В моей сценографии есть и другие приметы театра. Билетёры-ангелы и Старый слуга – это хранители зала, которые присматривают за ним. Для меня очень важно, что слуга – Старый. Это такая уходящая натура, сотрудник театра, который всё видел и всех помнит, который, например, слышал Лемешева… Другое дело, что в силу своей старости он уже никого ни от чего спасти не может. Ведь по либретто он не уследил за Князем Синодалом, а потом и за Тамарой. Он дважды неудачник…
– Билетёры – ангелы хранители и Старый слуга, который помнит Лемешева, – это, конечно же, идёт от ощущения театра изнутри…

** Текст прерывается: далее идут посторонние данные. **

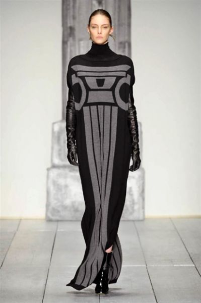 另外,在Angelo Marani品牌的秀台上,新款设计来源意大利著名影星 Sophia Loren的性感装束,大胆使用黑丝袜与复古裙子搭配,布料拼贴、黑色蕾丝与新型填充材料也有大量采用,可以说完美曲线与大屏幕的结合构成了此次Angelo Marani秋冬的美好展示。
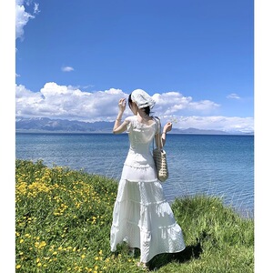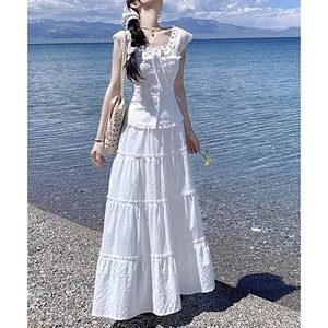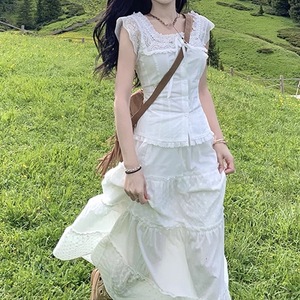 西西里仲夏 法式蕾丝拼接收腰衬衫套装 可甜可盐小清新白色一整套

– Для меня театр изнутри – это как бы Зазеркалье и очень любопытный материал для наблюдения. Реквизиторы, работники сцены, звуковой цех, как правило, влюблены в театр. Именно это делает их трогательными; хочется с ними лишний раз поздороваться, спросить, как у них дела… Возраст, опыт меня в принципе завораживают. Был такой момент в процессе репетиции. Кресла надо было покрыть тканью, которую должны были вращать по кругу девушки из миманса – билетёрши-ангелы. Но они ещё не пришли, и расправить ткань мне помогали реквизиторы… И вдруг я вижу: по переднему плану идёт глубоко пожилая женщина с палочкой, которая тоже держит эту ткань за край… Это было впечатляюще.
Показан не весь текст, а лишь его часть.